From the entries below, reproduce exactly the lines from the one with "Patchwork Chiffon Shirt Orange X Purple" through the one with "6年生は、嵐の「ふるさと」と", both included, without images.

**DATA FOR PROCESSING**.
↓
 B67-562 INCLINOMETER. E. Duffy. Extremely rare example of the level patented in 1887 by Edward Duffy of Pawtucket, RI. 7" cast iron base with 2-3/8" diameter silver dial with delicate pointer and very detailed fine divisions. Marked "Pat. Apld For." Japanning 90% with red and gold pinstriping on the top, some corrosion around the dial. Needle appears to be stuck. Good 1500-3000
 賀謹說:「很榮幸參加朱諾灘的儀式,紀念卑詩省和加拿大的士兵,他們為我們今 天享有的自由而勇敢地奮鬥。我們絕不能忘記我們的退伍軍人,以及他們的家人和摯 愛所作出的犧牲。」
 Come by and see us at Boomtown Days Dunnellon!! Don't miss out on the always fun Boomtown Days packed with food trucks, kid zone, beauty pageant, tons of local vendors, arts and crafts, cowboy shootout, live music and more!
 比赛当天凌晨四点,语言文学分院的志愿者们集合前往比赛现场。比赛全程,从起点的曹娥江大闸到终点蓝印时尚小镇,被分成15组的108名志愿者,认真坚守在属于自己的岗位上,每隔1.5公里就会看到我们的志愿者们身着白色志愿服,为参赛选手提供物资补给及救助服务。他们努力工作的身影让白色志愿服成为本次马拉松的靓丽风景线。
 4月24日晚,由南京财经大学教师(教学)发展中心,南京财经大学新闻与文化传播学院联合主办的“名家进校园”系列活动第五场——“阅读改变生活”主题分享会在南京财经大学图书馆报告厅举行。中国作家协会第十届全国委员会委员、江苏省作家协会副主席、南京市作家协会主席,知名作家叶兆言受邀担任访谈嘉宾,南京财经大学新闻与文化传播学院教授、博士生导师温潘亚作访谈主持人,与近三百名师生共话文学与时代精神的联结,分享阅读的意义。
↑
↓
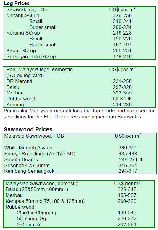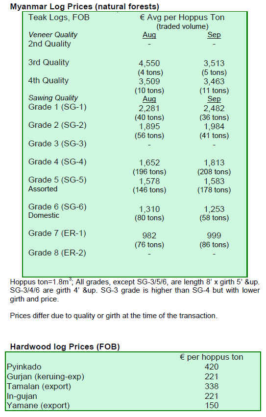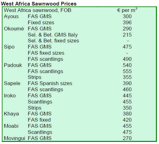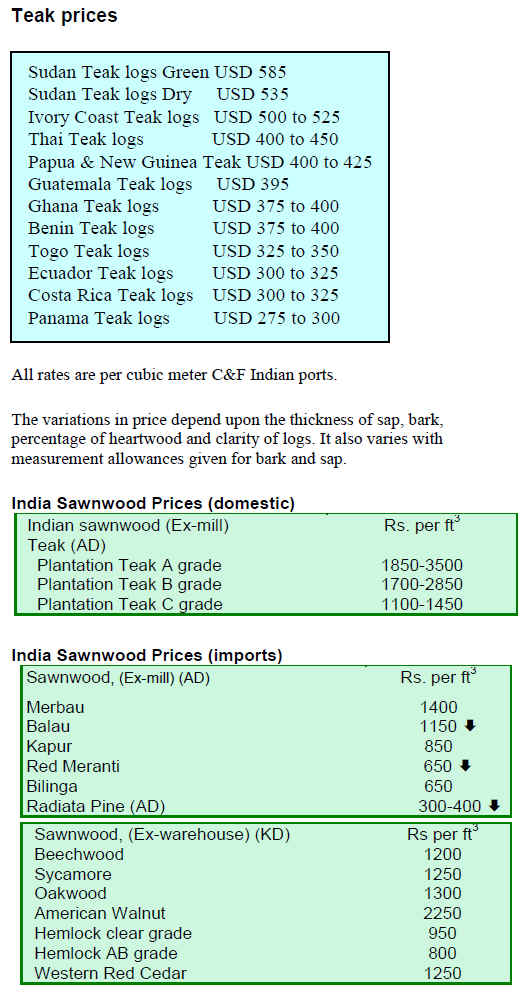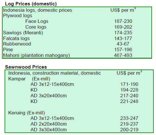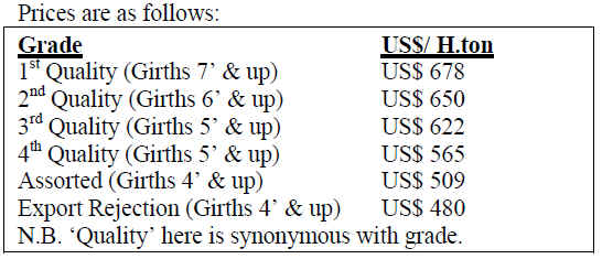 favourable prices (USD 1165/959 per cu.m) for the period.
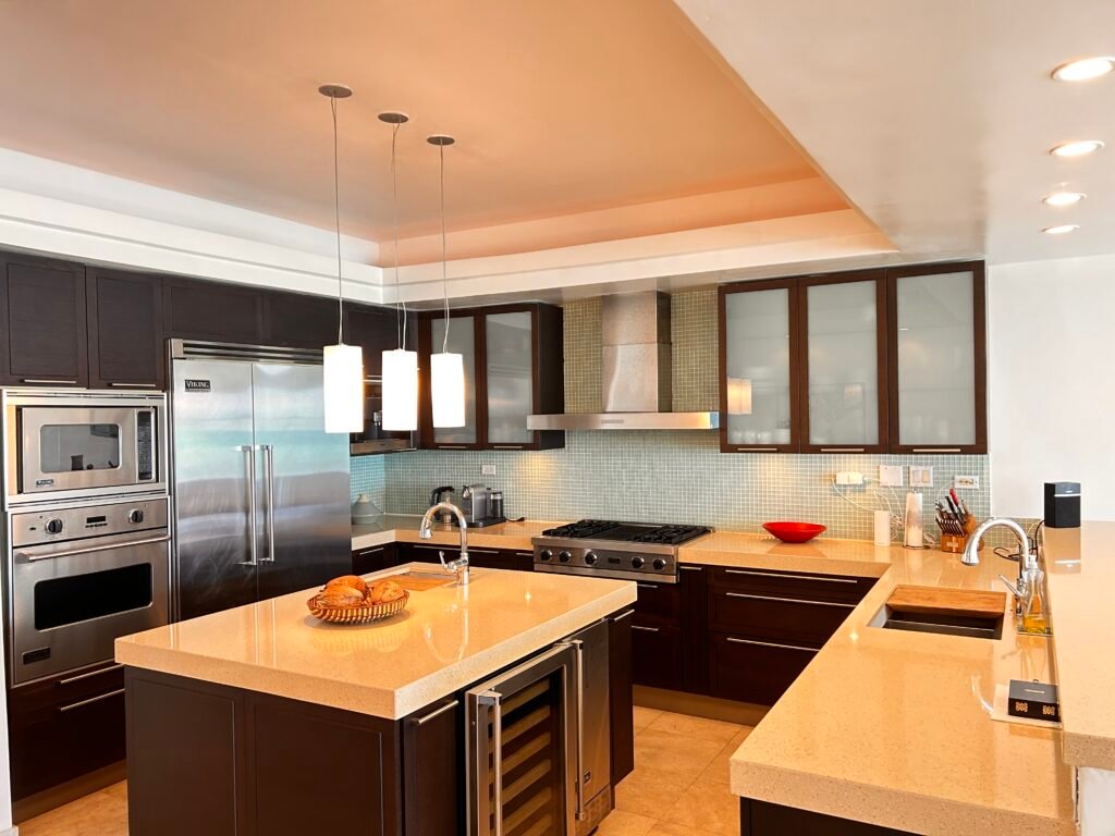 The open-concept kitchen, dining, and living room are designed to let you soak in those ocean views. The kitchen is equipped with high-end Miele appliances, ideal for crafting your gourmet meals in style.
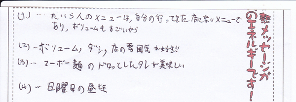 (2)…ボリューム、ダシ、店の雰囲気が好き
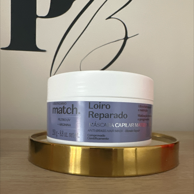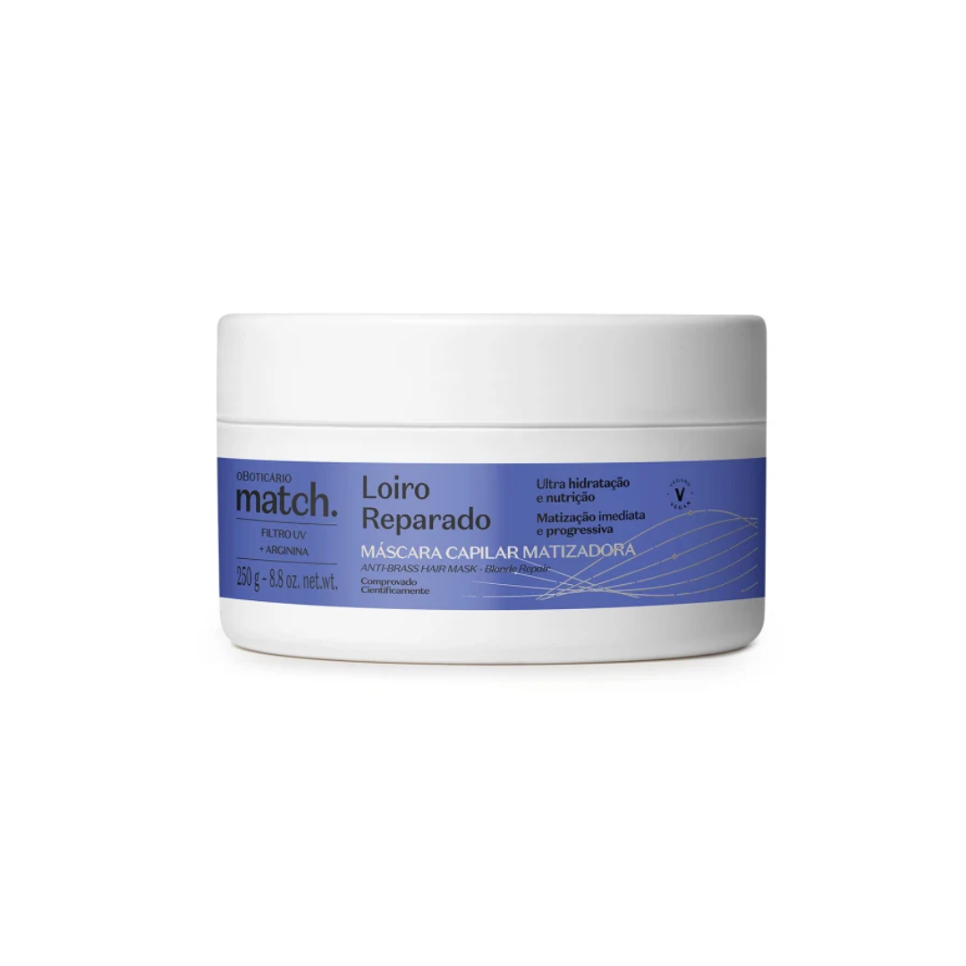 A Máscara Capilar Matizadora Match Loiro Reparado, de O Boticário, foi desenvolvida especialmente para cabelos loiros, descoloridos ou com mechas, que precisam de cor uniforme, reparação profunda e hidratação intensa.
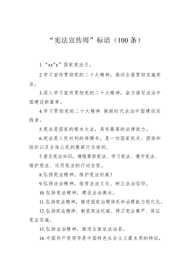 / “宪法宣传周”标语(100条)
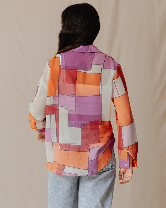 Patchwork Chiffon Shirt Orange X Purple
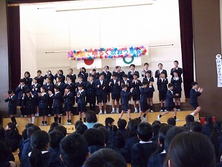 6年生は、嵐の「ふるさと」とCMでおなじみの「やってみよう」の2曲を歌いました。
↑
**SOLUTION TO THIS TASK**.
 Patchwork Chiffon Shirt Orange X Purple
 6年生は、嵐の「ふるさと」とCMでおなじみの「やってみよう」の2曲を歌いました。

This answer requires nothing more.